Critical mode in the band 3 search of 17 clues.

Entering the band 3 critical mode, the situation is the following

 

All missing clues are in the remaining list of active GUA2s GUA3s

And the “in field” is made of the corresponding cells.

 

The stack constraint has normally been verified before. (not more than 6 clues in a stack)

Some clues can have been assigned before the entry 

 

The B sub list of UAs is empty

 

Usually, the A sub list of UAs is not empty. Each of these UAs must have one cell in the remaining “in field”. This was by construction when A and B sub lists have been produced. A new assignment should  not create “out field “ UAs  (dead branches)

 

In critical mode, in mini rows having 2 GUA2s, the common cell is a compulsory clue and must be assigned (one source of possible new UA “out field”.)

 

Compulsory UA

 

The A sub list of UAs is done of band 3 UAs plus GUA4 plus GUA6 having one or more “in field “ cells.

During the process, 3 things can happen

 

Cells assigned can hit a UA, this UA is discarded

A UA can have only one cell “in field” then this cell must be assigned (and the UA discarded)

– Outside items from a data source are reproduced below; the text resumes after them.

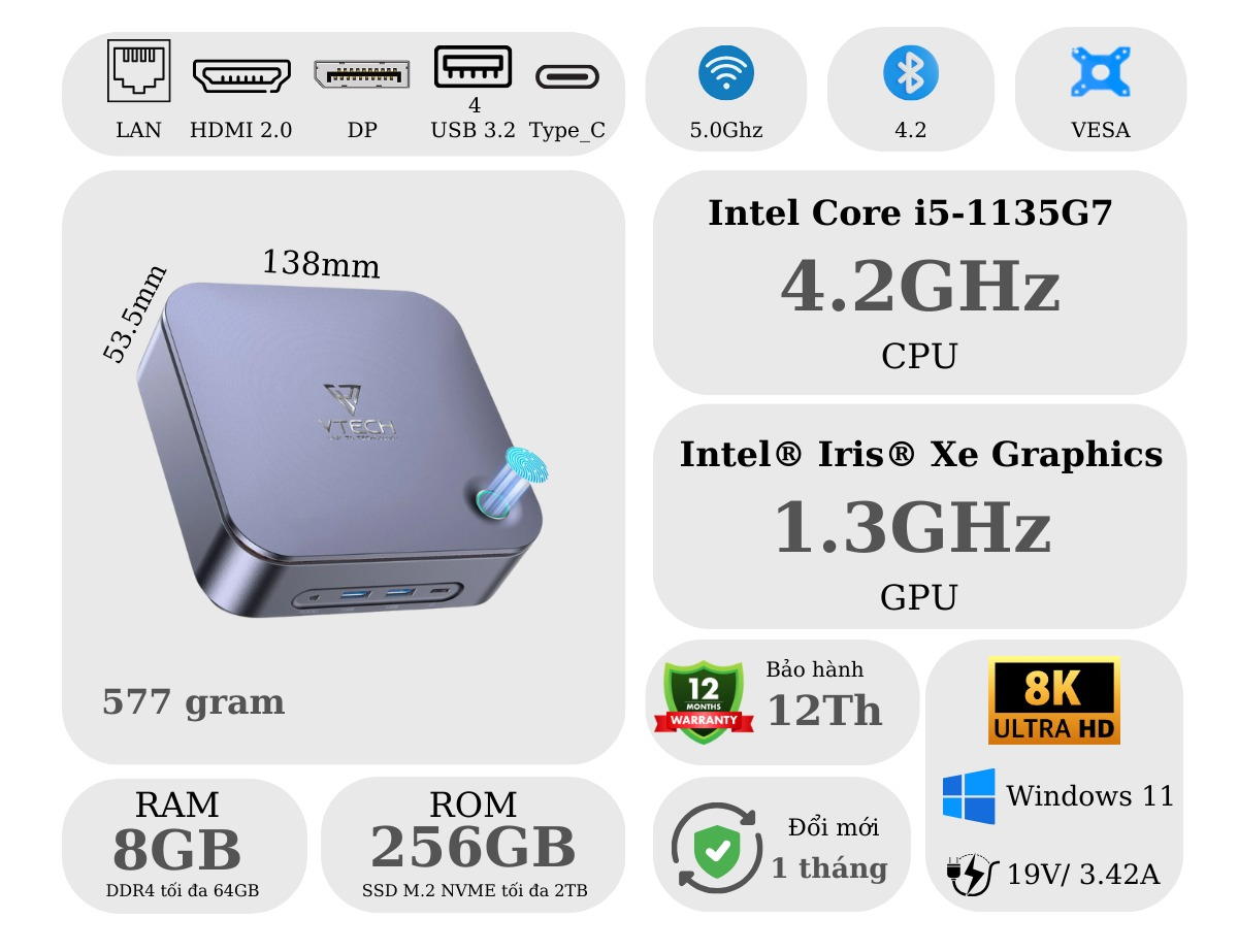 Tăng cường hiệu suất công việc với Mini PC VTECH VTPB124U trang bị vi xử lý Intel Core i5 thế hệ 11 mạnh mẽ, hỗ trợ đa nhiệm mượt mà cùng khả năng bảo mật tối ưu bằng khóa vân tay.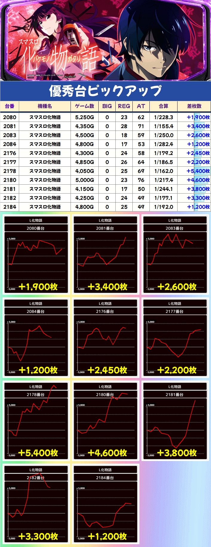 この日は人気機種にもしっかりお宝台が多数用意されていたようで、ToLOVEると化物語に関しては1/2系と思しき結果に!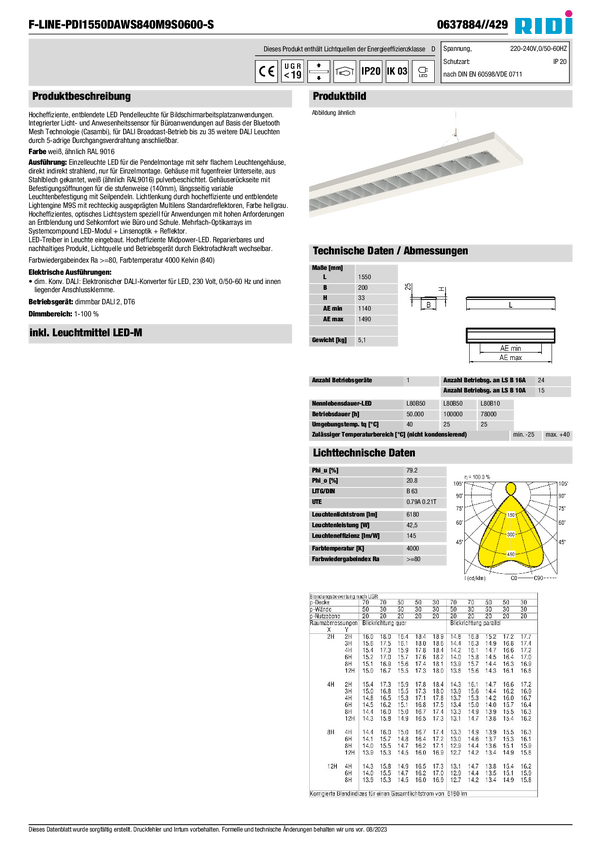 Lampa podwieszana LED RIDI 0637884//429 0637884//429 biały

A UA can have no left cell “in field”, this is a dead branch.

 

The A table is reduced step by step and the new version loaded behind the previous one in a buffer.

Once a new assignment is done, remaining UAs  have to be checked again, new dead branches or compulsory UAs can come.

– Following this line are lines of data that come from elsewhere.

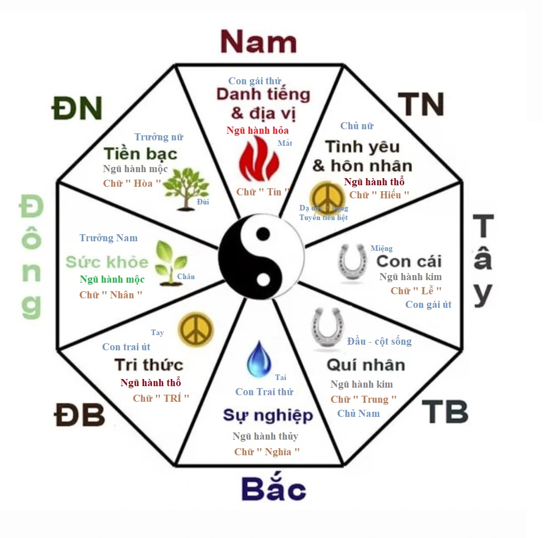 Hướng Tốt: Hướng phù hợp với ngũ hành của bạn sẽ mang lại nhiều lợi ích. Ví dụ: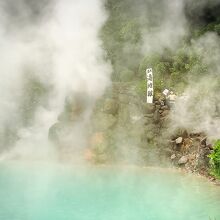 九州横断歩道沿いにある海地獄です。地獄めぐりの中でも1.2をあらそう人気の地獄だと思います。なんといってもあの真っ青な池?地獄?温泉?それが湯けむりの白とまざって、幻想的な雰囲気を醸し出してます。売店も広く綺麗で利用しやすいです。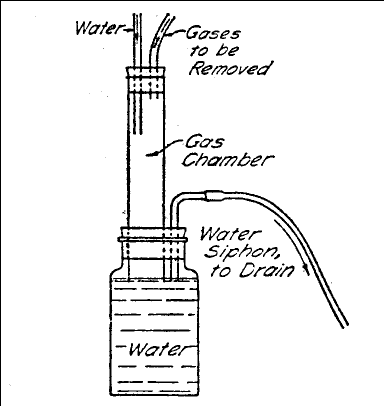Any ammonia vapor evolved in the reaction flask is led through the drying tube (important) and absorbed in the gas chamber by a flow of running water. The water in the lower flask serves as a seal. The absorption chamber can be assembled from readily available glass tubing, rubber stoppers, and a wide-mouthed bottle. As described by Hancock, the flask is also fitted with mercury sealed stirrer, but this can be omitted and replaced by frequent hand-swirling of the reaction flask. Before setting up, the flask should be dried in an oven and assembled rapidly to exclude moisture. It is also possible to set the apparatus in a hood, to vent any ammonia which might escape accidentally.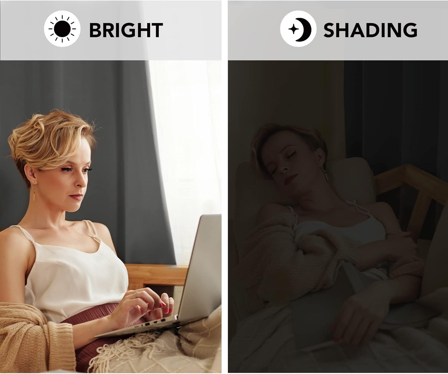 - Sleep when the world’s awake. You get room-darkening that helps you rest better—dark colors block up to 99% of light; lighter shades soften daylight for a calm glow.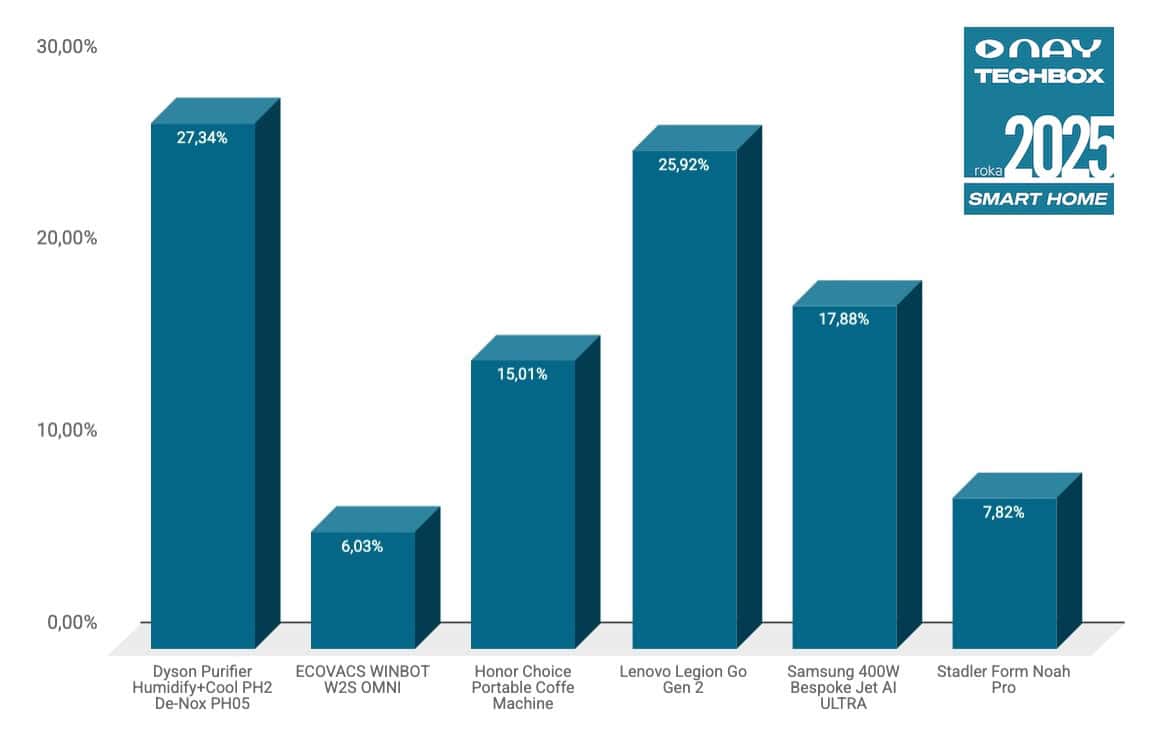 Našli sme aj nového víťaza NAY TECHBOX SMART HOME roka 2025. Kategóriu ovládol Dyson Purifier Humidify+Cool PH2 De-Nox PH05, ktorý je štýlovou kombináciou čističky, zvlhčovača a ventilátora v jednom. V ankete zaň hlasovalo 27,34 % Slovákov. Veľmi tesne sa na 2. mieste umiestnila herná konzola do domácnosti Lenovo Legion Go Gen 2 so ziskom 25,92 % hlasov. Čistota rozhodne patrí k modernej domácnosti, v porovnaní s predchádzajúcim ročníkom, to dokazuje aj tyčový vysávač Samsung 400W Bespoke Jet AI ULTRA, ktorý oslovil 17,88 % hlasujúcich v kategórii SMART HOME.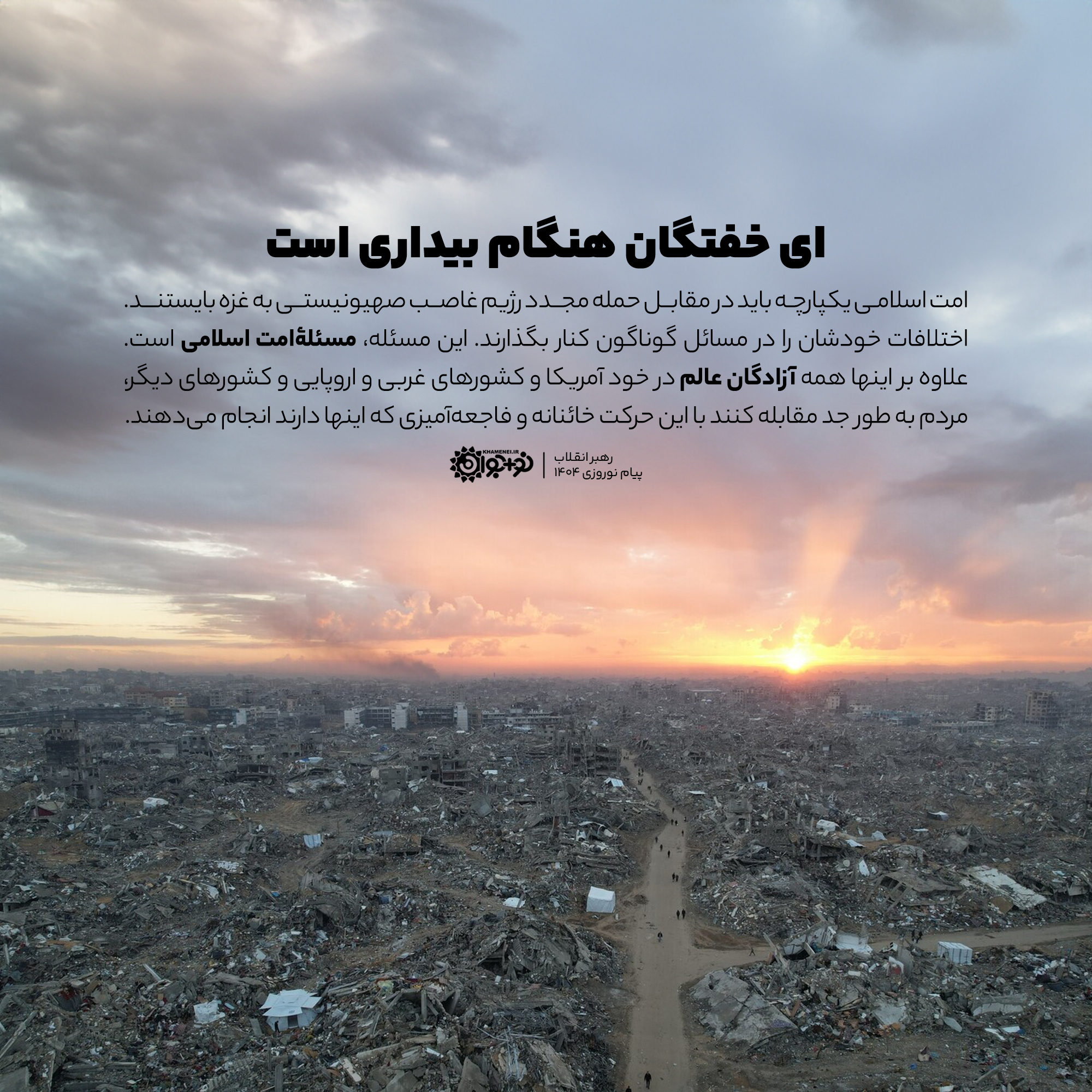 امت اسلامی یکپارچه باید در مقابل حمله مجدد رژیم غاصب صهیونیستی به غزه بِایستند. اختلافات خودشان در مسائل گوناگون را کنار بگذارند. این مسئله، مسئله امت اسلامی است. علاوهبر اینها همه آزادگان عالم، در خود آمریکا، در کشورهای غربی و اروپایی و کشورهای دیگر، مردم بهطور جد مقابله کنند با این حرکت خائنانه و فاجعهآمیزی که اینها دارند انجام میدهند.

As this process is applied after assignment of mini rows having 2 cells, a 1 cell UA will do one of the followings

 

Assign a mini row with one pair or one triplet, the mini row is solved

Assign a mini row with 3 pairs, the pair not hit remains

 

In most cases, at the end of this process the 6 clues in band 3 will be assigned.

 

What must be done at the end will vary

 

Some UAs are still there after compulsory uas

 

If the 6 clues are known, we have no solution with 17 clues.

 

If not we have to choose to solve a GUA2 GUA3 or to solve a UA

If 5 of the 6 clues are assigned, the last clue must hit all remaining UAs. This will be the first choice.

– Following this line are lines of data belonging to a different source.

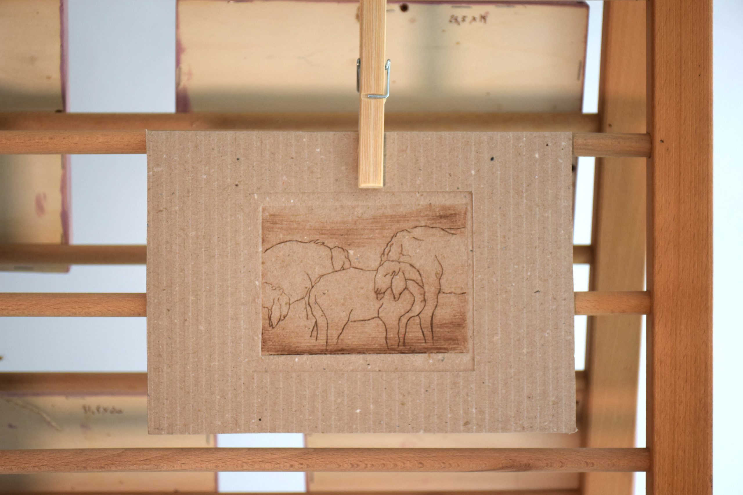 L’incisione a puntasecca è una tecnica grafica che consiste nel graffiare con una punta affilata un supporto morbido come ad esempio il rame, il plexiglas o lo zinco. Una volta disegnata o meglio graffiata la tavoletta può essere inchiostrata e stampata sulla carta con l’aiuto di un torchio. Questa tecnica permette di riprodurre la stessa immagine incisa un certo numero di volte che vengono riportate dall’artista in fondo alla stampa ad esempio 1/50 ovvero stampa prima su cinquanta copie. Queste stampe non hanno un numero di tiratura perché ogni esemplare è unico in quanto si interviene sulla matrice, prima della stampa, lasciando dei residui d’inchiostro in alcuni punti realizzando delle stampe che non si possono riprodurre.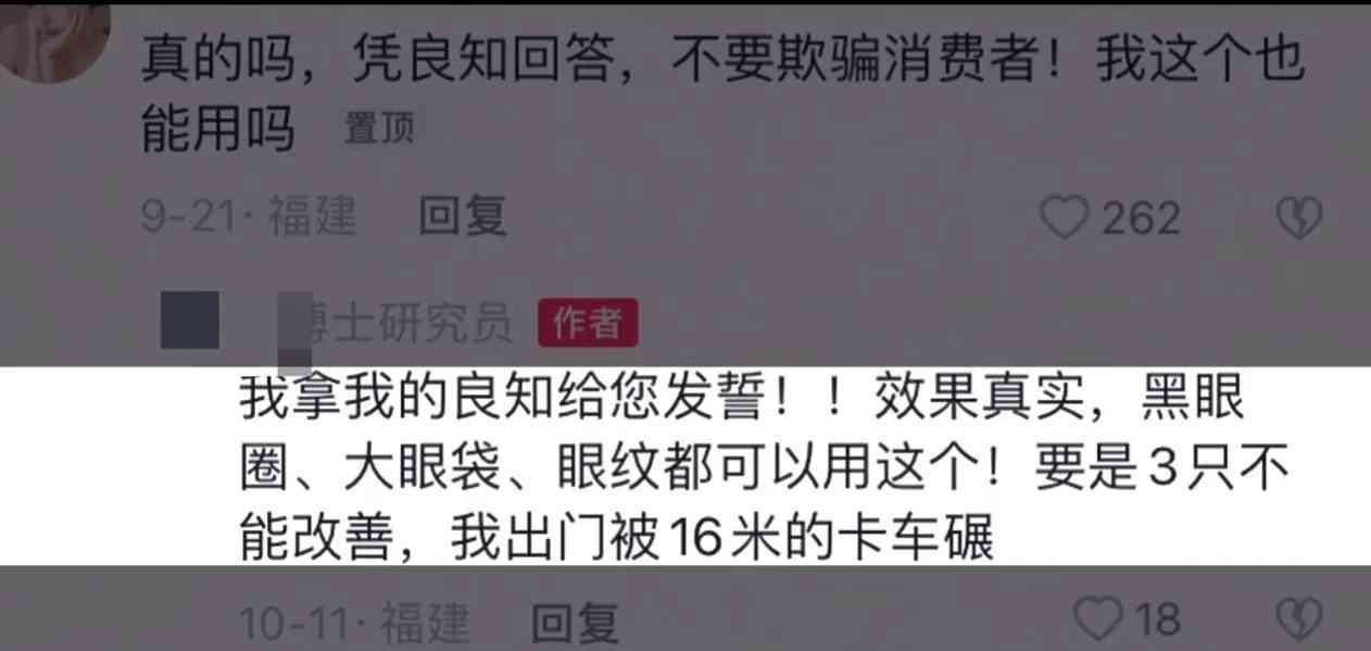 品牌方以各种视听手段暗示他们的产品可以解决眼袋、泪痕等各种眼周问题,并在评论区对提出质疑的网友赌咒发誓: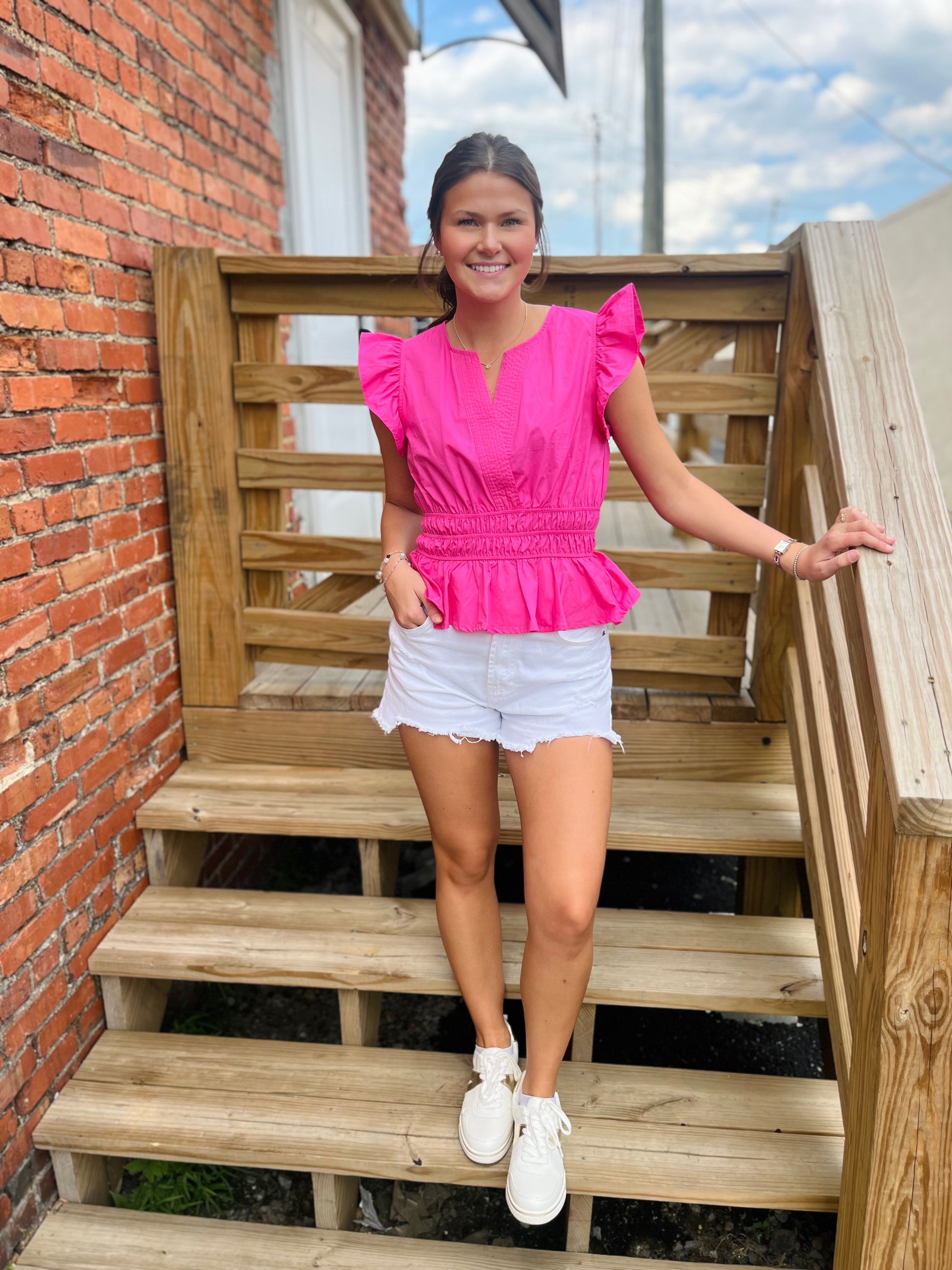 This woven top features a V-neckline, ruffled sleeves, and a waist elastic for effortless style and comfort.

If this is not true, we can not find a smaller UA than a GUA2 (a UA with one cell “in field”  would have been assigned). With no GUA2, we still have a chance to find a UA with 2 cells “in field” and we have also the possibility to assign one clue in a triplet. So the worst case will be a triplet.

 

No more UA are there after compulsory uas.

 

This can happen with any number of given in band 3, although usually only one or 2 clues are missing.

The process is here quite simple, a mini row is solved and the process is called in recursive mode to solve the next mini row if other clues are missing. .

 

Final check

 

When the band 3 is filled (6 clues), the brute force is called to check whether the solution is unique. Collecting new UAs at this stage has no clear advantage, so this is a simple brute force check to see if the solution is unique.